(174ca) Complex Collectives: Investigating Biofilm Patterning and Ant Traffic
AIChE Annual Meeting
2024
2024 AIChE Annual Meeting
Food, Pharmaceutical & Bioengineering Division
Poster session: Bioengineering
Monday, October 28, 2024 - 3:30pm to 5:00pm
Bacteria play a significant role in human health, the environment, and industrial applications. In these environments bacteria are most often found in multispecies communities in which colonies containing different cell shapes interact closely. Recently, time-lapse microscopy has shown that these multispecies interactions can be cooperative or competitive (eLife 8:e47365), presenting dynamic and complex behaviours hypothesised to be a consequence of the shape-dependent physical and chemical interactions. However, the role of shape polydispersity in individual and collective dynamics is poorly understood. We are employing a biophysical model of variable size sphere- and rod-shaped individuals to explore how shape polydispersity influences interspecies interactions and to develop a predictive understanding of multispecies spatiotemporal patterning.
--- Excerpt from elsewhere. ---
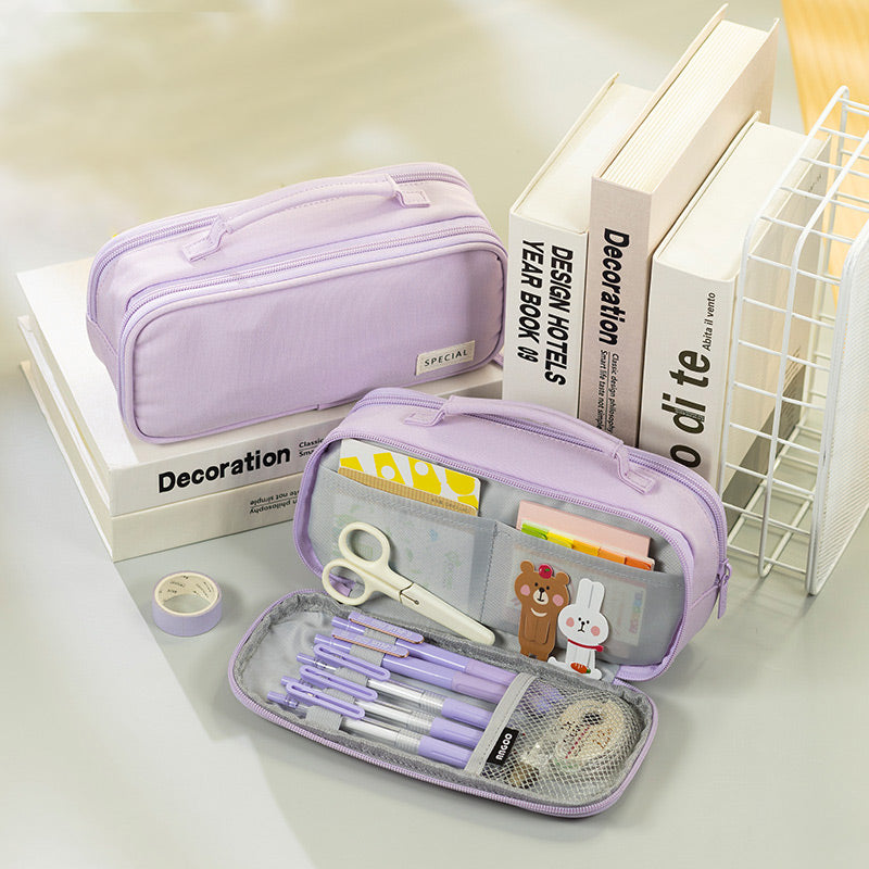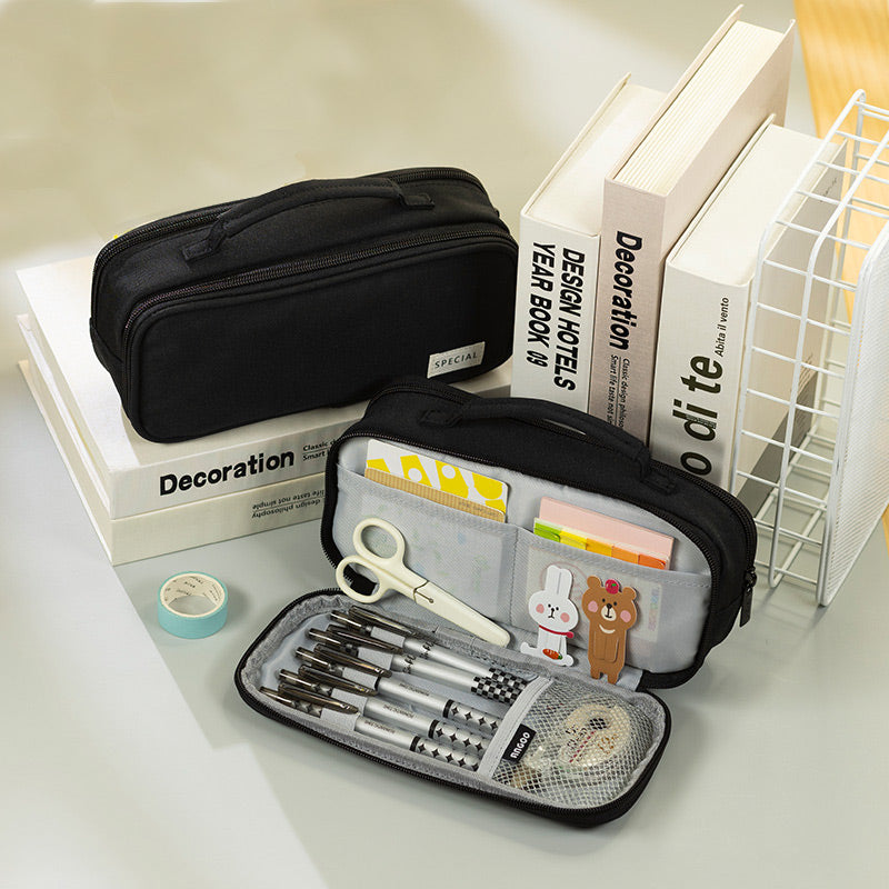 This stationery organizer pouch is a practical solution for anyone who needs to keep their stationery tools well – organized. It offers a large capacity to numerous items and features multiple compartments for efficient sorting. With its durable construction, it is built to last through daily use.

Avoiding traffic jams in crowded environments is a significant challenge for collective motion across scales, from migrating herds to cellular cargo transport. Ants possess a remarkable ability to avoid typical traffic jamming patterns at high densities and instead maintain a constant bidirectional flow between their nest and a food source (eLife 8:e48945). No large-scale spatiotemporal organisation such as lane formation or oscillatory flow is seen, suggesting that there is another dynamic mechanism allowing the ants to navigate in crowds without jamming. We use detailed experimental analyses of extant data combined with agent based modelling to explore individual ant trajectories and properties that make up the collective colony movement. By quantifying spatiotemporal patterns of density, interaction rates and ant speeds, we probe the role of the type of interactions and their rates on the group as a whole as it engages in crowded traffic. This leads us to propose feedback models by which individual ants respond to their local environment over time that capture the observed efficient movement in bidirectional crowds.